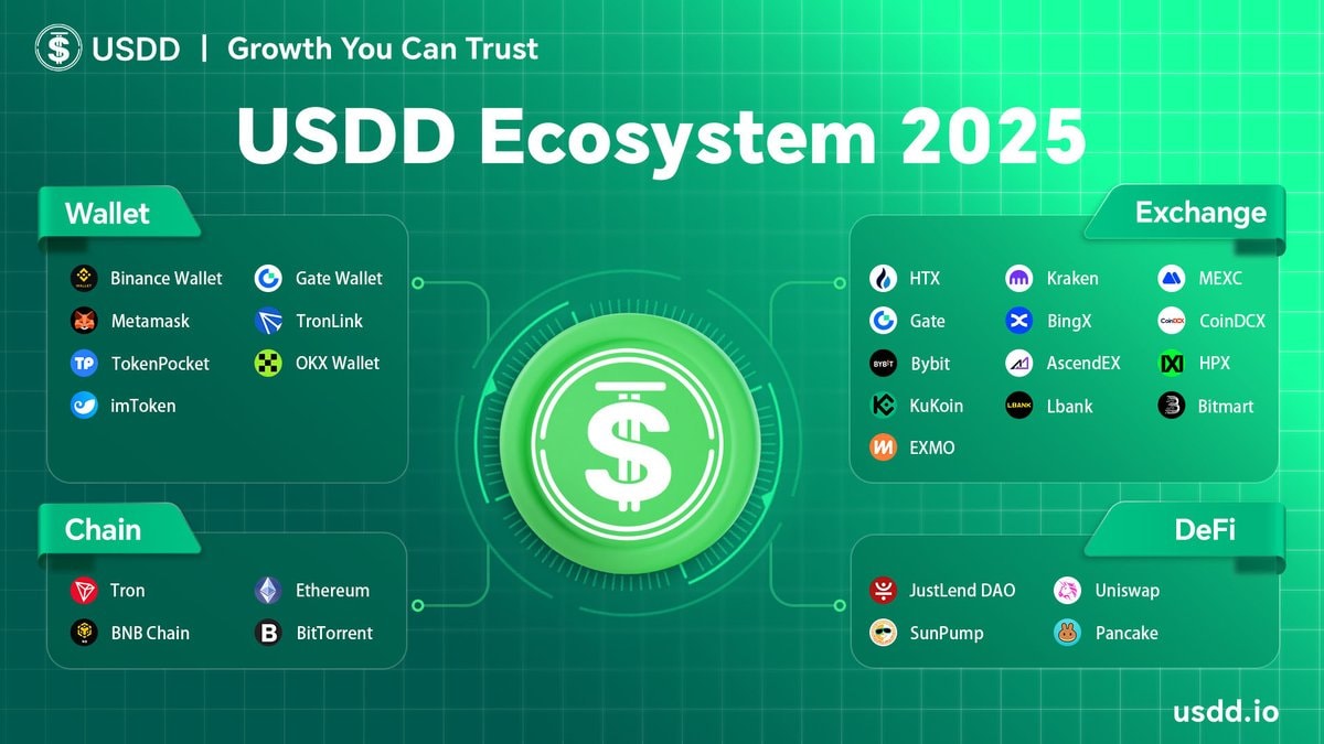 Vào tháng 12 năm 2025, USDD tiếp tục mở rộng quan hệ đối tác trong hệ sinh thái của mình, hợp tác với sàn giao dịch , ví điện tử và giao thức DeFi hàng đầu, bao gồm cả Binance Wallet, mở rộng đáng kể phạm vi tiếp cận người dùng và giúp tổng giá trị tài sản bị khóa (TVL) của USDD vượt qua ngưỡng kháng cự quan trọng 1 tỷ đô la.
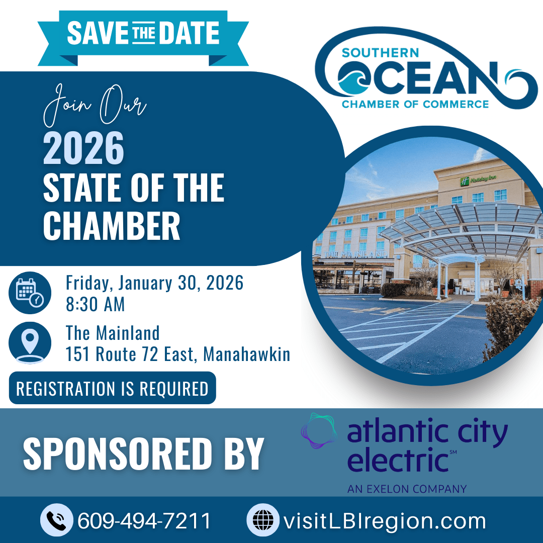 The Southern Ocean County Chamber of Commerce is proud to present the January 2026 State of the Chamber, a signature event that sets the tone for the year ahead. Scheduled for Friday, January 30, 2026, at 8:30 AM, the gathering will take place at The Mainland in Manahawkin, offering attendees a full breakfast buffet, valuable networking opportunities, and a dynamic program.
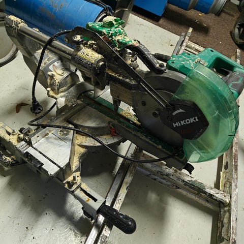Suoraan käytöstä Hikoki nauharuuvari ilman akkua. Kärjestä toinen muovi puuttuu, mutta käyttöä ei ole haitannut. Ei ole puhdistettu, vaan tosiaan käytöstä otettu, kun tilalle tuli toisen merkkinen.
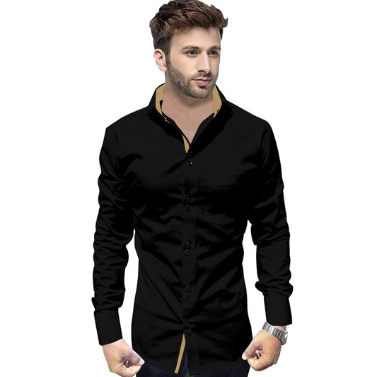 Men's Solid Plain Design Slim Fit Black Cotton Shirt
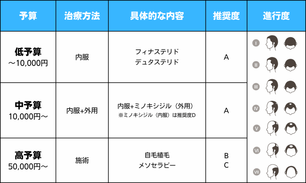 日本皮膚科学会のガイドラインでは、自毛植毛やメソセラピーは、内服治療の効果が得られなかった場合の次の選択肢として医師の判断に基づいて施術することを推奨しています。
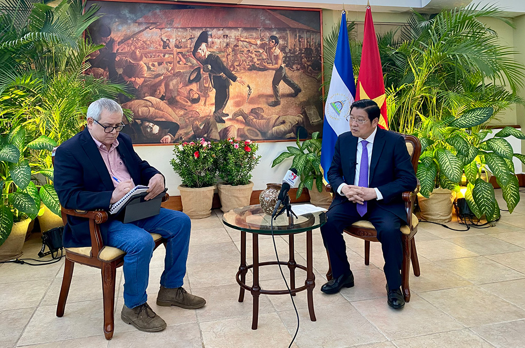 Đồng chí Phan Đình Trạc trả lời phỏng vấn truyền thông Nicaragua
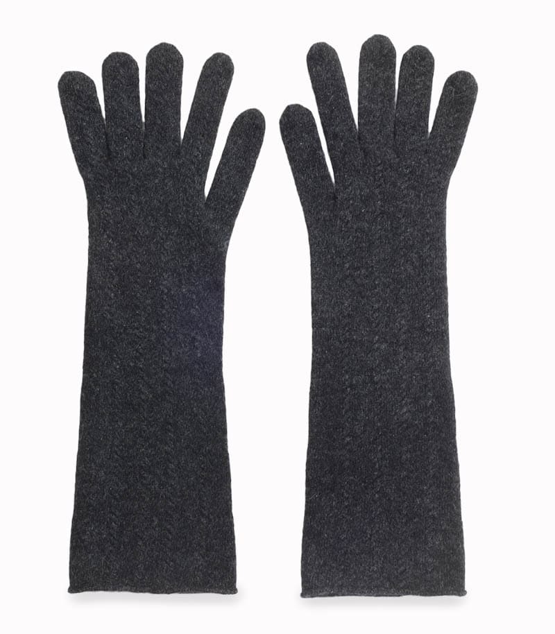 Typ: rękawiczki damskie kaszmirowe długie; Kolor: grafitowy; Rozmiar: uniwersalny damski; Materiał: 100% kaszmir ;

▸ GOAL OF THE EXERCISE
Set down the records again verbatim, with no pictures.

▸ ANSWER BOX
 Vào tháng 12 năm 2025, USDD tiếp tục mở rộng quan hệ đối tác trong hệ sinh thái của mình, hợp tác với sàn giao dịch , ví điện tử và giao thức DeFi hàng đầu, bao gồm cả Binance Wallet, mở rộng đáng kể phạm vi tiếp cận người dùng và giúp tổng giá trị tài sản bị khóa (TVL) của USDD vượt qua ngưỡng kháng cự quan trọng 1 tỷ đô la.
 The Southern Ocean County Chamber of Commerce is proud to present the January 2026 State of the Chamber, a signature event that sets the tone for the year ahead. Scheduled for Friday, January 30, 2026, at 8:30 AM, the gathering will take place at The Mainland in Manahawkin, offering attendees a full breakfast buffet, valuable networking opportunities, and a dynamic program.
Suoraan käytöstä Hikoki nauharuuvari ilman akkua. Kärjestä toinen muovi puuttuu, mutta käyttöä ei ole haitannut. Ei ole puhdistettu, vaan tosiaan käytöstä otettu, kun tilalle tuli toisen merkkinen.
 Men's Solid Plain Design Slim Fit Black Cotton Shirt
 日本皮膚科学会のガイドラインでは、自毛植毛やメソセラピーは、内服治療の効果が得られなかった場合の次の選択肢として医師の判断に基づいて施術することを推奨しています。
 Đồng chí Phan Đình Trạc trả lời phỏng vấn truyền thông Nicaragua
 Typ: rękawiczki damskie kaszmirowe długie; Kolor: grafitowy; Rozmiar: uniwersalny damski; Materiał: 100% kaszmir ;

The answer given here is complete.